A variable reduction strategy (VRS) drives evolutionary algorithms (EAs) to evolve more effectively by simplifying optimization problems. To represent a decision space with the smallest set of variables via VRS, a variable reduction optimization problem (VROP) has been defined, which could be handled by a heuristic rule-based automatic variable reduction algorithm (HR-AVRA). However, HR-AVRA has limitations in identifying an optimal solution and is susceptible of getting trapped in local optimums. To handle these challenges, we propose to solve VROP with exact and metaheuristic algorithms. We construct a linear programming model of VROP for the first time. Then, Gurobi, an exact algorithm optimizer, is employed to seek and identify an optimal solution for it.
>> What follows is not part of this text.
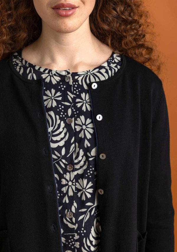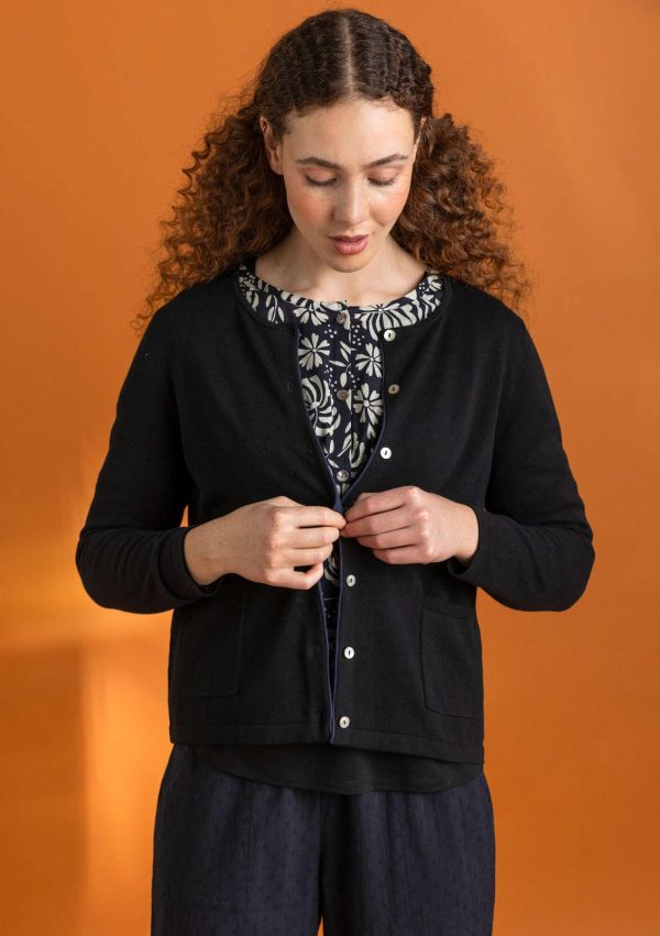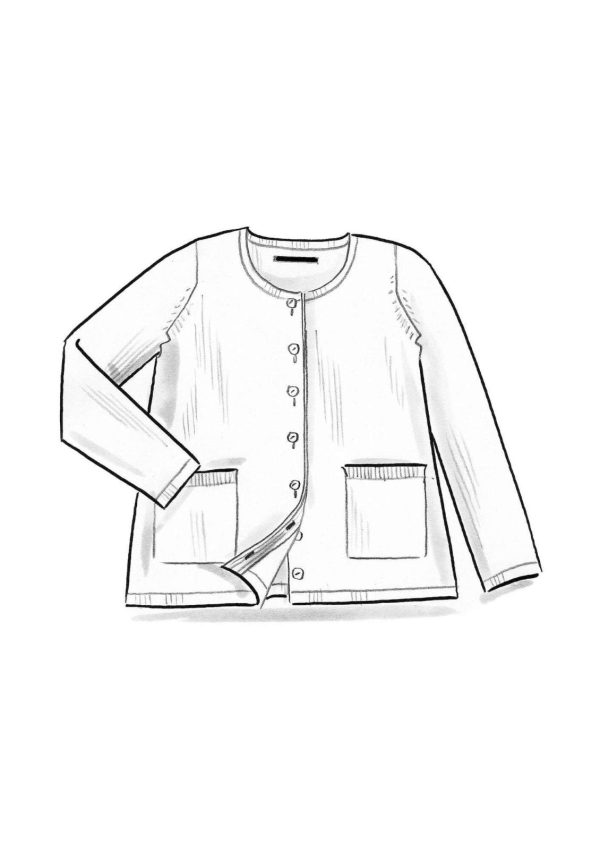 Schlichtes, kombifreudiges Modell mit langen Ärmeln. Hübsch kontrastierende Rollkante vorne und als Akzent auf der Sauminnenseite. Zwei praktische Taschen mit Rippblende am Eingriff. Perlmuttknöpfe.|

Subsequently, we design two representative single-point-based and population-based metaheuristic algorithms, simulated annealing-based (SA-AVRA) and ant colony optimization-based (ACO-AVRA) methods, to solve VROP more effectively. These variable reduction algorithms can group variables of a continuous optimization problem into reduced and core variables, with the latter representing both reduced variables and the entire decision space. Extensive experiments verify that Gurobi can provide optimal solutions for small-scale VROPs, while SA/ACO-AVRA enables more reduced variables than other variable reduction methods. We also integrate various variable reduction algorithms with several competitive EAs to tackle equality-constrained optimization problems and nonlinear equations systems. Experiments show that EAs integrated with a variable reduction algorithm outperform both standard EAs and those with several other complexity reduction methods. Furthermore, integrating a variable reduction algorithm that introduces more reduced variables generally can lead to better performance of EAs.